Żniwa to czas, na który czeka każdy grower! Dbamy przecież tyle o nasze piękne roślinki, by po ich ścięciu cieszyć się grubymi, pachnącymi szczytami, które zasilą naszą domową kolekcję i pomogą w chronicznych dolegliwościach. Ale w jaki sposob mamy ustalić, kiedy zakonczyć ich żywot? Z pomocą przychodzi nam na szczęście obserwacja trichomów!

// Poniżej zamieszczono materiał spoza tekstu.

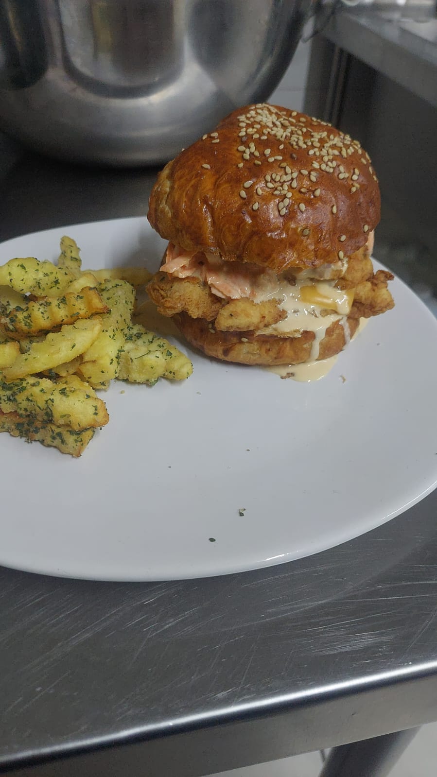Deliciosa pechuga de pollo empanizada, mantequilla de finas hierbas y nuestro aderezo especial con zanahoria rallada y cebolla morada, acompañada de una porción de papas a la francesa.

Włoski lub trichomy to jedno lub wielokomórkowe wytwory epidermy roślinnej. U konopi pojawiają się one podczas kwitnienia na kwiatach i liściach cukrowych, służąc ochronie produkowanych przez żenskie rośliny nasion przed słońcem i owadami. Jeśli roślina żeńska nie zostanie jednak zapylona, trichomy gwałtownie wzmagają produkcję żywicy, która zawiera takie związki, jak THC, CBD, CBC, CBG, a w poźniejszym okresie także CBN.

Ogólnie w konopiach zidentyfikowano ponad 400 substancji chemicznych, z których około 100 odpowiada za ich charakterystyczny zapach. Większość z nich to lotne terpeny i seskwiterpeny, których indywidualna kompozycja pozwala na trafne zidentyfikowanie danej odmiany.
Obecnie analizy laboratoryjne tego typu prowadzi się w stanach USA, gdzie uprawa konopi jest legalna, a punkty pierwszej pomocy sprzedające marihuanę muszą oferować swoim klientom potwierdzone, markowe produkty.
Trichomy przechodzą w trakcie kwitnienia konopi przez trzy fazy, które growerzy zwykle kodują kolorami. Są to faza przejrzysta (transparentna), mleczna (zamglona) i pomarańczowa (bursztynowa).
W pierwszej fazie trichomy produkują jedynie małe ilości THC i jeśli zetniemy rośliny wtedy, haj będzie lekki i krótkotrwały. THC zaczyna być produkowane w dużych ilościach przez trichomy dopiero, kiedy te z przejrzystych zamieniają się w mleczne.

Jeśli zetniemy roślinę przy 50% stosunku trichomów mlecznych do przejrzystych, otrzymamy przyjemny, dynamiczny i w miarę długo się utrzymujący haj. Jednak dopiero pełna dojrzałość trichomów, która charakteryzuje się 90-95% stosunkiem koloru mlecznego do pozostałych dwóch, jest gwarancją marihuany o pełnym potencjale psychoaktywnym. Haj będzie wtedy długi, stymulujący i nie będzie zbytnio przyklejał do fotela.
Jeśli lubimy jednak szczyty, które zmiatają z nóg, możemy poczekać aż trichomy wejdą w fazę bursztynową. To oznacza, że THC zaczyna się powoli rozkładać i zamieniać w inny związek: CBN. To właśnie CBN odpowiada za zamulający, dezorientujący haj, który powoduje krótkie kłopoty z koncentracją i podejmowaniem decyzji.
Dla celów medycznych (przy poważnych dolegliwościach) faworyzowane jest jednak ścinianie konopi późno, kiedy trichomy stają się w 50% bursztynowe, gdyż to automatycznie przykleja pacjenta do kanapy i służy większemu rozluźnieniu mięśni, co bardzo pomaga przy bezsenności.
Niektórzy growerzy podkreślają przy tym, ze czyste odmiany typu indica (Afghan Kush, Pakistan Chitral Kush, Maroc, Mazar-i-Shariff) i hybrydy zdominowane przez tę genetykę (Blueberry, Northern Lights, G-13, White Widow) osiągają swój pełen potencjał, dopiero kiedy trichomy zabarwiają sie na bursztynowo przynajmniej w 10-20%.
To jest jednak tak naprawdę kwestią osobistych preferencji. Lubicie być zwalani z nóg, ścinajcie późno. Lubicie się ujarać, ale chcecie wciąż przy tym coś zrobić, ścinajcie wcześnie!
Jak ustalić kolor trichomów? W bardzo prosty sposob, pod mikroskopem lub pod szkłem powiększajacym obraz przynajmniej 60-krotnie!